Дайнека смотрела на него с восторгом.

– Я просто горжусь тобой. Как ты умеешь сказать!

Он снова обнял ее.

– Просто ты моя дочь. И ты меня любишь. – Вячеслав Алексеевич задумался, потом произнес: – Казалось бы, с такой репутацией сядь и затаись. А он рвется в политику. И ведь у него получается. Одной ногой он уже там.

– Ему семьдесят. Одной ногой он уже… сам знаешь где.

Отец похлопал ее по плечу.

– Вчера мы с тобой видели пример долголетия, так что, кто знает, сколько ему отпущено. Может, он проживет еще лет тридцать пять. Знаешь, бывшие деревенские дети, несмотря на голод, тяжелый труд и лишения, живут, как правило, долго.

– Думаешь, Митенька тоже жив?

– А почему бы и нет?

Она чуть-чуть помолчала и, не поднимая глаз, тихо сказала:

– Папа, прости меня, не могу не спросить. В квартиру Тихонова в ночь убийства приходили те, кто только что был здесь?

– Нет.

– Это точно?

– Я тебе когда-нибудь врал?

Даже будучи абсолютно уверенной в том, что отец говорит правду, Дайнека насмешливо улыбнулась.

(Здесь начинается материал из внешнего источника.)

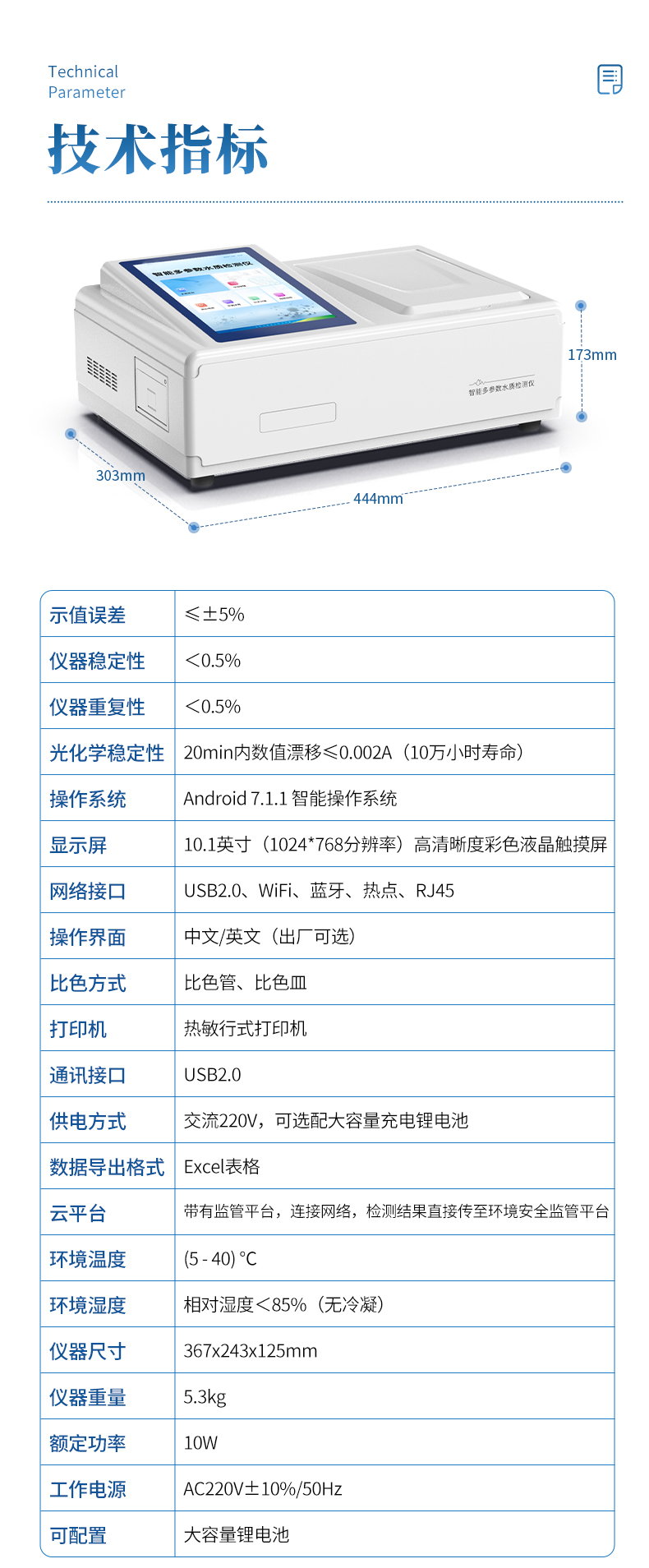 仪器重量:5.3kg;
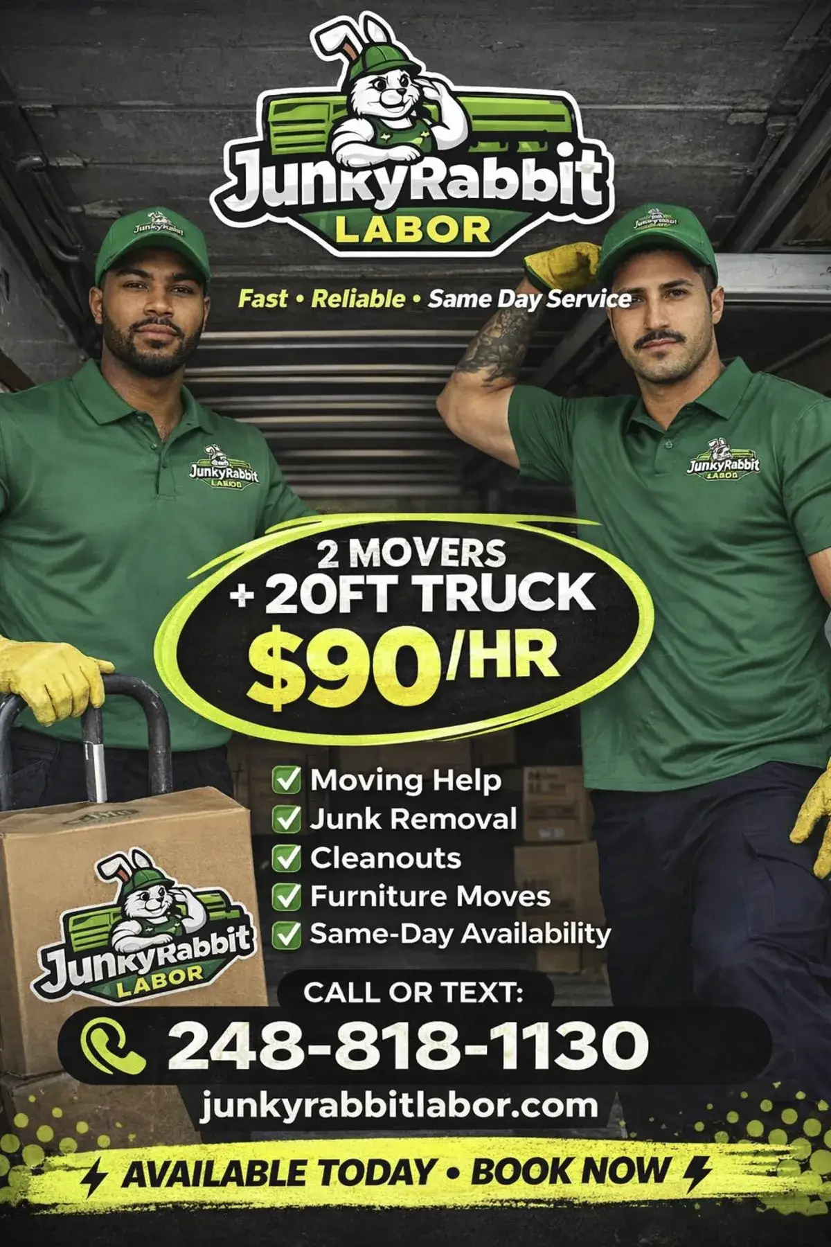 Junky Rabbit Labor serves the entire Detroit Metro area. We travel to your home, rental, or business. No trip fee for most locations.

– Последние две недели ты только и делал, что обманывал меня.

– Не обманывал, а вводил в заблуждение. Путал следы, как заяц по снегу. – Вячеслав Алексеевич подкатился поближе и обнял ее, не вставая с кресла.

– А я уже поверила в то, что совсем не нужна тебе.

Он погладил ее по щеке и поцеловал в голову.

– Об этом даже не думай. Я очень тебя люблю и никому не дам в обиду.

После этих его слов в комнату вошла Эльза Тимофеевна. В такой ранний час она была идеально причесана: волосок к волоску. На ней было платье цвета бордо с белым кружевным воротником и обязательной камеей, скрепляющей оба его конца. С невозмутимой улыбкой она сообщила:

– Доброе утро, чай на столе. Мы с Ниной ждем вас на кухне.

Глава 51
Флешбэк № 13

Село Муртук

январь 1948 года

Пришел новый, тысяча девятьсот сорок восьмой год. Близилось Рождество, а вместе с ним свадьба. Сама Манечка не знала, как к этому относиться. Проня ее любил, к Митеньке хорошо относился. Чего еще желать женщине, нагулявшей ребенка?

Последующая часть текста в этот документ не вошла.